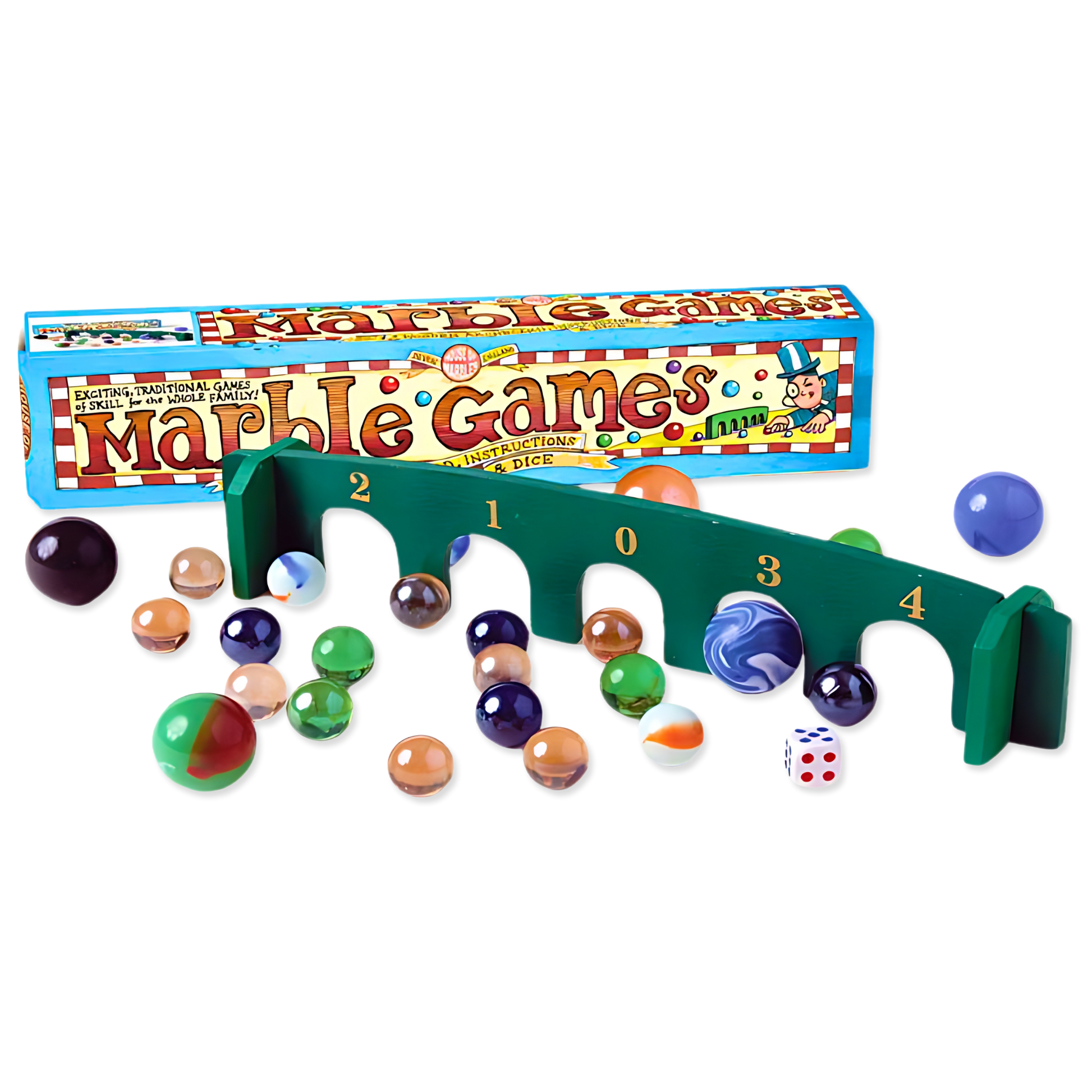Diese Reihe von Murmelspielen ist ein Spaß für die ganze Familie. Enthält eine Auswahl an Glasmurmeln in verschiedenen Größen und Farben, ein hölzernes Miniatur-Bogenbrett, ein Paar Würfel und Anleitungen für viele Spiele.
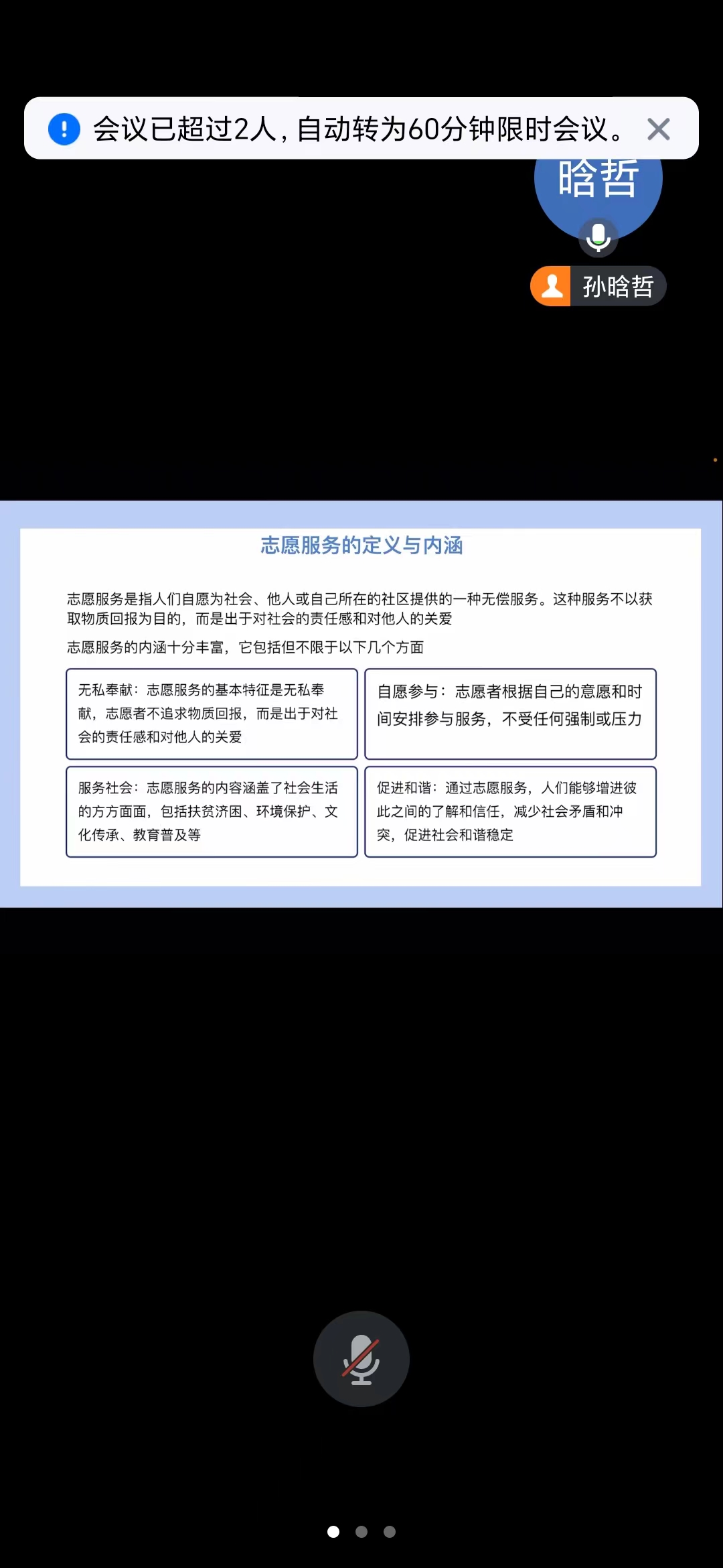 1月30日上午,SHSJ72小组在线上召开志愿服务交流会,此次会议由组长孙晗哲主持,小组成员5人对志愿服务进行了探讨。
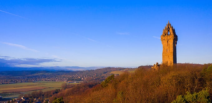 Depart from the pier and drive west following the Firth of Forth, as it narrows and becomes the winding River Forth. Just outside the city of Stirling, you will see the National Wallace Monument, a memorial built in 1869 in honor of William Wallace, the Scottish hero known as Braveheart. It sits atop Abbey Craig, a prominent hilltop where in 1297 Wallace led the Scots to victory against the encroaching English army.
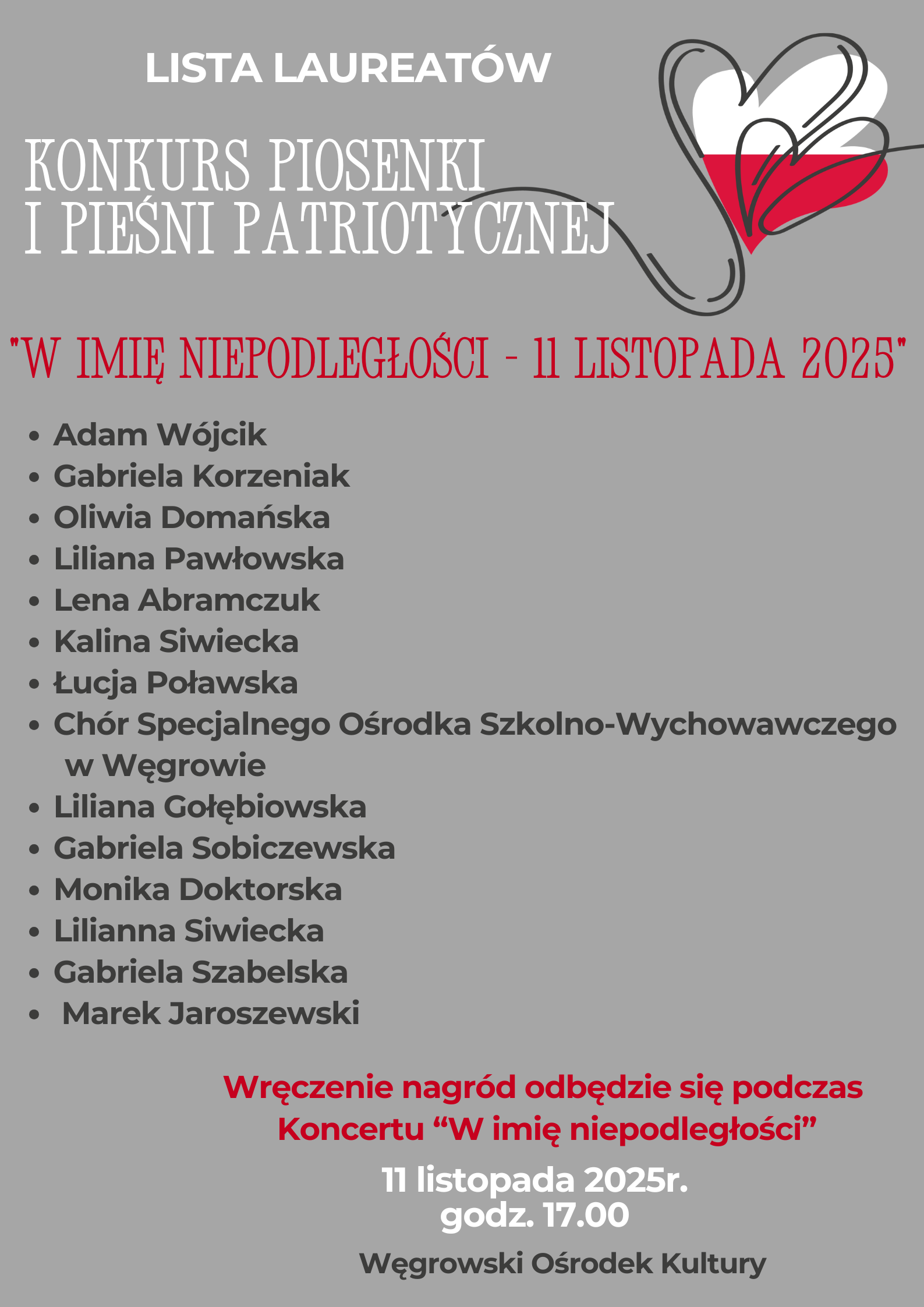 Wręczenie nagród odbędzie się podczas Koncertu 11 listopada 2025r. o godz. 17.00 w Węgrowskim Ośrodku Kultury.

ACTION ITEM ::
Images are to be skipped, and each line above is to be returned exactly.

EXERCISE SOLUTION ::
Diese Reihe von Murmelspielen ist ein Spaß für die ganze Familie. Enthält eine Auswahl an Glasmurmeln in verschiedenen Größen und Farben, ein hölzernes Miniatur-Bogenbrett, ein Paar Würfel und Anleitungen für viele Spiele.
 1月30日上午,SHSJ72小组在线上召开志愿服务交流会,此次会议由组长孙晗哲主持,小组成员5人对志愿服务进行了探讨。
 Depart from the pier and drive west following the Firth of Forth, as it narrows and becomes the winding River Forth. Just outside the city of Stirling, you will see the National Wallace Monument, a memorial built in 1869 in honor of William Wallace, the Scottish hero known as Braveheart. It sits atop Abbey Craig, a prominent hilltop where in 1297 Wallace led the Scots to victory against the encroaching English army.
 Wręczenie nagród odbędzie się podczas Koncertu 11 listopada 2025r. o godz. 17.00 w Węgrowskim Ośrodku Kultury.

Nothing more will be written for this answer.